(Extracted records)
# # # #
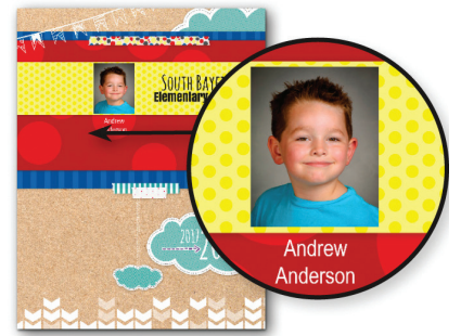
Ink Printing with Photo
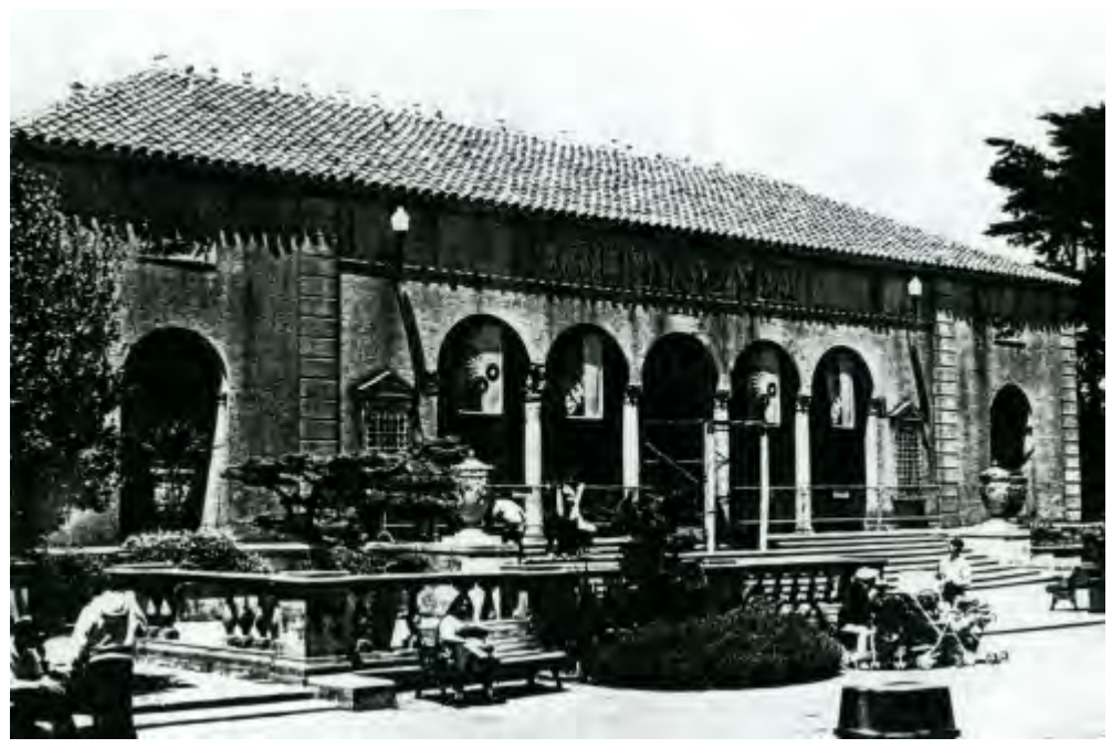
Mother's Building, east elevation, circa 1996.
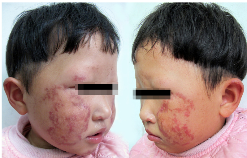
Figure 1 Poikiloderma in a patient with RTS. Depigmentation, hyperpigmentation, punctate atrophy, telangiectasia, and loss of eyebrows are seen bilaterally on the face.
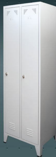
Two door lockers
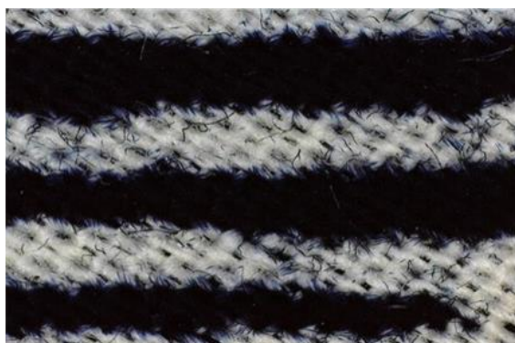
Figure 1. Sample of image type 1 for non-batik class

The experts says that in the first and second type of image the wax trait could be seems. Wax trait especially from the first wax sticking job is important to identify the authenticity of a batik products. The type 3 images are designed for mobile applications should a digital microscope is not available.
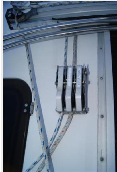
82 32' Hunter Vision Triple Clutch Port
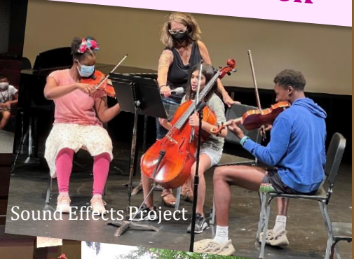
Sound Effects Project
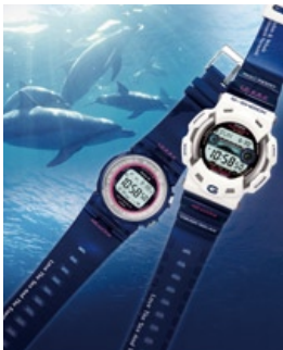
"International Dolphin & Whale Eco-Research Network" model

In 1994, we began selling "G-SHOCK" and "Baby-G" watch models in co-sponsorship with the 4th International Dolphin & Whale Conference held in Japan. By donating a portion of the proceeds from sales of
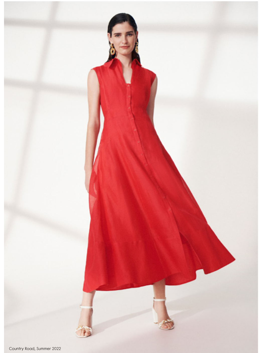
Country Road, Summer 2022
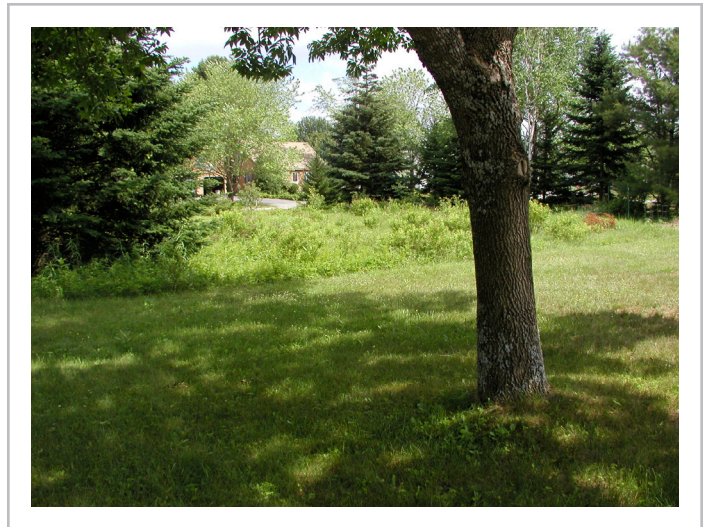
Low Impact Yard: No pesticides, fertilizer or watering are used to maintain this yard in Topsham. The "old field" is maintained simply by clipping unwanted trees and shrubs once a year. The lawn consists mainly of native Maine grasses that are well adapted to this dry site.

The Falmouth Conservation Commission has developed recommendations to help homeowners obtain more information and assistance in implementing a yardscaping program on their property. There are many sources of help and no shortage of ideas on what to do, but you may have to do some digging to get the answers you are looking for. We hope that the recommendations contained in this fact sheet will get you started on the right track quickly.
# # # #
__INSTRUCTIONS TO FOLLOW__. Please return only the lines from the top of the data through the line with "Low Impact Yard: No", exactly as written, and drop every picture.

__FINISHED TASK__.
Ink Printing with Photo
Mother's Building, east elevation, circa 1996.
Figure 1 Poikiloderma in a patient with RTS. Depigmentation, hyperpigmentation, punctate atrophy, telangiectasia, and loss of eyebrows are seen bilaterally on the face.
Two door lockers
Figure 1. Sample of image type 1 for non-batik class

The experts says that in the first and second type of image the wax trait could be seems. Wax trait especially from the first wax sticking job is important to identify the authenticity of a batik products. The type 3 images are designed for mobile applications should a digital microscope is not available.
82 32' Hunter Vision Triple Clutch Port
Sound Effects Project
"International Dolphin & Whale Eco-Research Network" model

In 1994, we began selling "G-SHOCK" and "Baby-G" watch models in co-sponsorship with the 4th International Dolphin & Whale Conference held in Japan. By donating a portion of the proceeds from sales of
Country Road, Summer 2022
Low Impact Yard: No pesticides, fertilizer or watering are used to maintain this yard in Topsham. The "old field" is maintained simply by clipping unwanted trees and shrubs once a year. The lawn consists mainly of native Maine grasses that are well adapted to this dry site.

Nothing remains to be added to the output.